Cory Sandhagen lands a flying knee to knock out Frankie Edgar in their bantamweight fight during the UFC Fight Night event at UFC APEX on February 06, 2021 in Las Vegas, Nevada. (Photo by Chris Unger/Zuffa LLC)
Cory Sandhagen lands a flying knee to knock out Frankie Edgar in their bantamweight fight during the UFC Fight Night event at UFC APEX on February 06, 2021 in Las Vegas, Nevada. (Photo by Chris Unger/Zuffa LLC)

The two wins were crucial in Sandhagen’s unlocking of what he has called a “crash state.” After suffering a first-round submission loss to Aljamain Sterling at UFC 250, Sandhagen reevaluated his approach to fights, changed his walkout song back to The Notorious B.I.G.’s “Gimme the Loot” and figured out how to put himself in the right mindset to compete.

“I think I got to prove to myself – which is the most important person to prove things to – that I can put myself in a killer, competitor headspace,” he said. “It’s like a law in competition that if you go in and you have a high will to win, if you’ve decided on that day that you really want to go out there and you really want to win, you’re going to do better. The days that you don’t really care, you’re not going to do very well.”

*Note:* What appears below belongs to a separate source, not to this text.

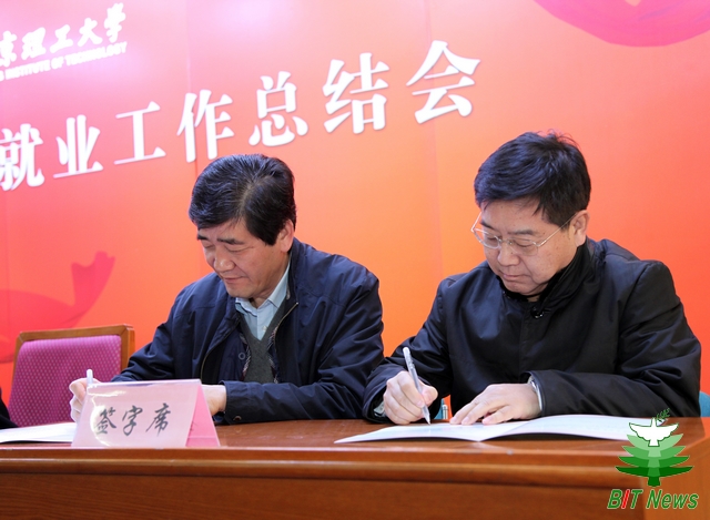 会上,赵显利代表学校与学院代表、机械与车辆学院党委书记阎艳、人文社会科学学院党委书记张红峻签订了《beat365英国官方网站2013年就业工作目标责任书》。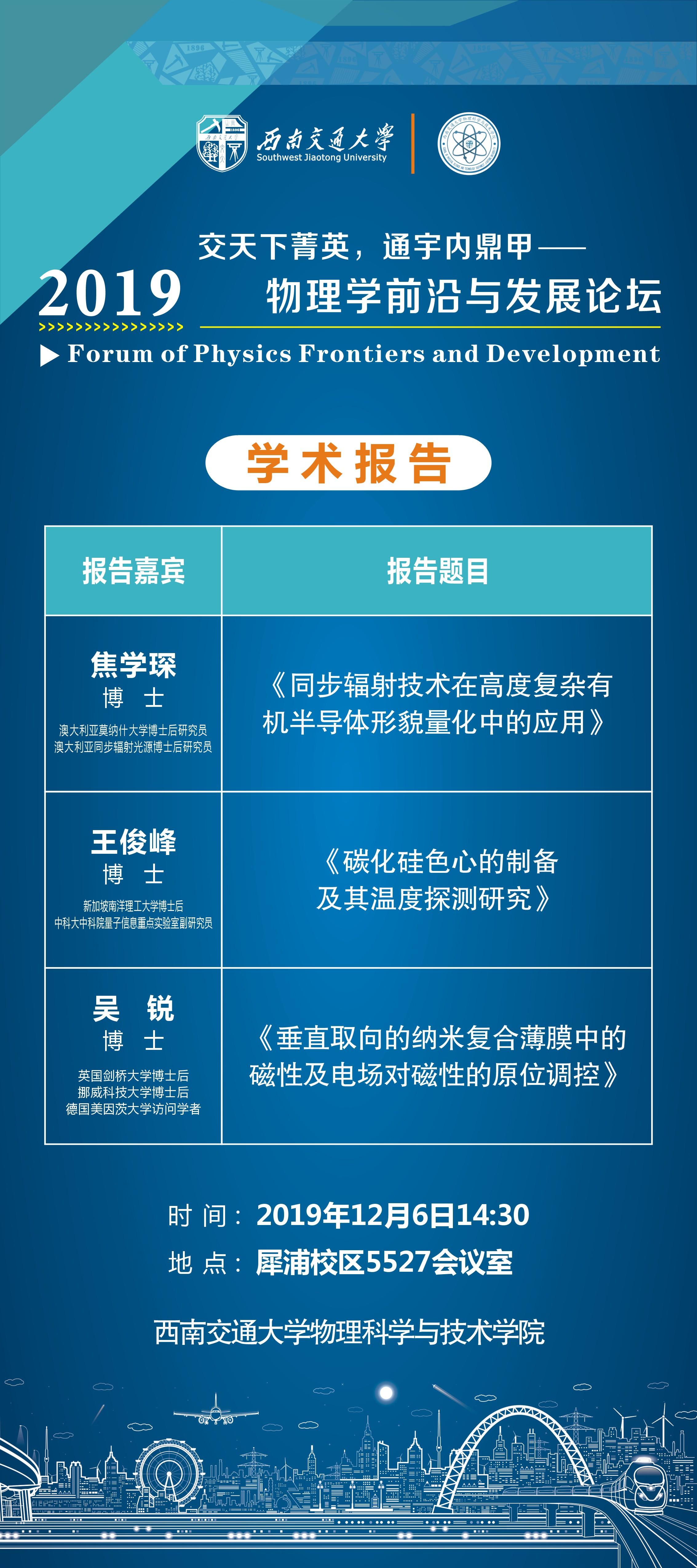 为加强物理学相关研究领域的交流与合作,特举办“物理学前沿与发展分论坛”。本次分论坛将聚焦物理学相关领域国内外热点课题的最新研究成果和进展,包括但不限于等离子体物理(聚变等离子体、脉冲功率技术及其应用、低温等离子技术等)、凝聚态物理(高压物理、团簇物理、材料物理、超导物理等)、理论物理(宇宙线物理、广义相对论与宇宙学、量子物理等)、光学、无线电物理(复杂电磁问题的数值模拟、微波传输与辐射、无线通讯与光通讯)等学科方向。旨在为海内外青年学者与优秀博士/博士后提供物理学领域前沿科技交流与人才选聘平台。

Embracing a win-at-all-costs attitude helped Sandhagen find that proverbial switch, and the results have backed that notion up. 

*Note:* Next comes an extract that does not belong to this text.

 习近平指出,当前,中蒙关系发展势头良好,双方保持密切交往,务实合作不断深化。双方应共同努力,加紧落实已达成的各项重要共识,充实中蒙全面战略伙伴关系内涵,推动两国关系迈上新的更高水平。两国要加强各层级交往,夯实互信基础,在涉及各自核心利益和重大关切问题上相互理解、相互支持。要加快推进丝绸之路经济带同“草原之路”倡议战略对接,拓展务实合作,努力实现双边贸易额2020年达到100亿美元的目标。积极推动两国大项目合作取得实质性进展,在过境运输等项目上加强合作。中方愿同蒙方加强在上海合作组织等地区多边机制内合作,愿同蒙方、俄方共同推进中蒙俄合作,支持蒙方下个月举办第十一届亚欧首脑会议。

He gives a lot of credit to his coaches and teammates at Elevation Fight Team, especially his cornermen Christian Allen and Carrington Banks. As a whole, they help cultivate the competitiveness, bringing that attitude to any sort of competition whether it’s spikeball, dodgeball or video games. 

“Not a lot of people, I don’t think, value greatness that highly, which is completely OK,” Sandhagen said. “There’s nothing wrong with that, but being in a room full of guys where you can connect in your highest values is something really special, and the fact that I see them every single day, I care about them a lot. Like, I care about them a lot. I probably get more nervous for their fights than I do for mine, at times. Those guys are my brothers.”

It’s been a shift evident even in his walkouts, which seem much more intense as of late. The energy isn’t manic, but rather focused. Dillashaw acknowledged as much, saying the biggest change he sees in Sandhagen since their days training together is the 29-year-old’s confidence. 

Of course, mentality and confidence only take one so far. Elite skills are required, too, and that’s always been there for Sandhagen. The combining of the two has played out for everyone to see during his eight-fight career in the UFC, and as he makes the final walk of the night on July 24, he knows he is able to put it all together, defeat Dillashaw and earn himself a clear shot at UFC gold.

“I think I’ve done a really good job of channeling the energy inside of me and not being afraid of all of the pressure that comes with really wanting something, and really wanting to win, and just being comfortable with that amount of pressure and knowing the consequences if it doesn’t work out, how that can play out emotionally,” Sandhagen said. “That would kill me, and just being OK with all of those things has really helped me embrace the all-or-nothing type of attitude where I’m giving my entire life to this thing. 

“I’m giving my entire life to become a world champion. I’m not afraid of that anymore.”